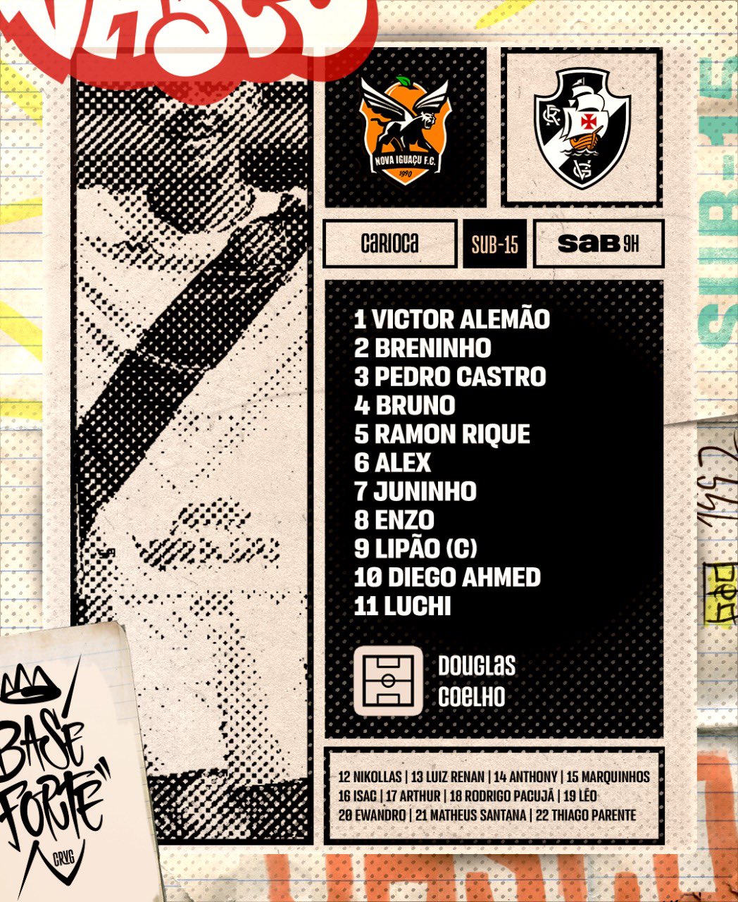 Sub-15: Vasco escalado para enfrentar o Nova Iguaçu
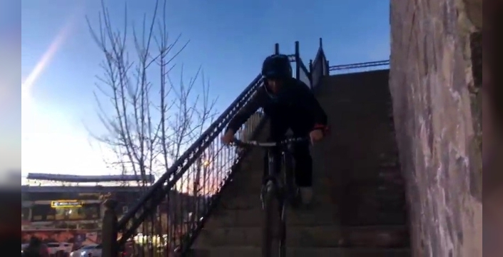 Gençlerin bisikletle merdivenler üzerindeki gösterisi nefes kesti
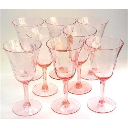 <tr><td>Title:Pink Etched Depression Glass 6 1/2in Stems (8)</td></tr>
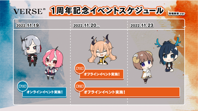 11月19日(土)にて1周年を迎える「VERSEn」は、複数の企画からなる1周年記念イベントの実施を決定しました。オンライン・オフラインを交えたイベントとなり、記念日となる11月19日(土)周辺での開催となります。詳細情報は後日公開となりますので、続報をご期待ください。
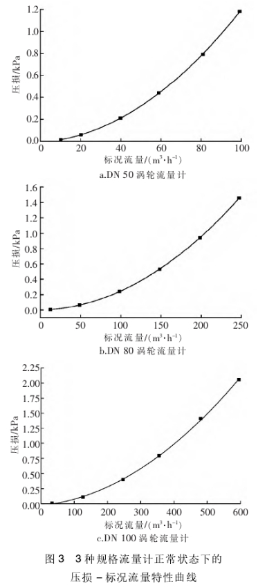 通過(guò)上述分析可以(yǐ)看出,渦輪流量(liàng)計的壓損與标(biāo)況流量成二次(cì)函數關系。當渦(wo)輪流量計異常(chang)時,壓損-标況流(liú)量特性曲線将(jiāng)偏離正常曲線(xiàn)。
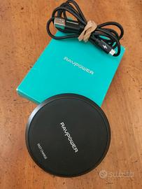 Caricabatterie wireless RAVPower standard Qi, compatibile con vari smartphone, inclusi modelli Samsung e iPhone.
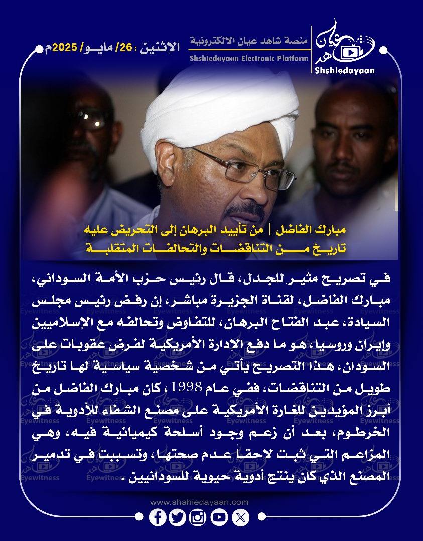 الرئيسية|خبر في صورة|الأخبار|مبارك الفاضل | من تأييد البرهان إلى التحريض عليه تاريخ من التناقضات والتحالفات المتقلبة الأخبارخبر في صورة مبارك الفاضل | من تأييد البرهان إلى التحريض عليه تاريخ من التناقضات والتحالفات المتقلبة شاهد عيان تابع على X مايو 26, 20250 1 أقل من دقيقة نسخ الرابط تم نسخ الرابط شاهد عيان تابع على X مايو 26, 20250 1 أقل من دقيقة فيسبوك X ماسنجر ماسنجر واتساب تيلقرام مشاركة عبر البريد طباعة

========================

> **Work request**: With the pictures omitted, repeat the full set of records above exactly.

> **Exercise output**:
 Sub-15: Vasco escalado para enfrentar o Nova Iguaçu
 Gençlerin bisikletle merdivenler üzerindeki gösterisi nefes kesti
 <tr><td>Title:Pink Etched Depression Glass 6 1/2in Stems (8)</td></tr>
 11月19日(土)にて1周年を迎える「VERSEn」は、複数の企画からなる1周年記念イベントの実施を決定しました。オンライン・オフラインを交えたイベントとなり、記念日となる11月19日(土)周辺での開催となります。詳細情報は後日公開となりますので、続報をご期待ください。
 通過(guò)上述分析可以(yǐ)看出,渦輪流量(liàng)計的壓損與标(biāo)況流量成二次(cì)函數關系。當渦(wo)輪流量計異常(chang)時,壓損-标況流(liú)量特性曲線将(jiāng)偏離正常曲線(xiàn)。
 Caricabatterie wireless RAVPower standard Qi, compatibile con vari smartphone, inclusi modelli Samsung e iPhone.
 الرئيسية|خبر في صورة|الأخبار|مبارك الفاضل | من تأييد البرهان إلى التحريض عليه تاريخ من التناقضات والتحالفات المتقلبة الأخبارخبر في صورة مبارك الفاضل | من تأييد البرهان إلى التحريض عليه تاريخ من التناقضات والتحالفات المتقلبة شاهد عيان تابع على X مايو 26, 20250 1 أقل من دقيقة نسخ الرابط تم نسخ الرابط شاهد عيان تابع على X مايو 26, 20250 1 أقل من دقيقة فيسبوك X ماسنجر ماسنجر واتساب تيلقرام مشاركة عبر البريد طباعة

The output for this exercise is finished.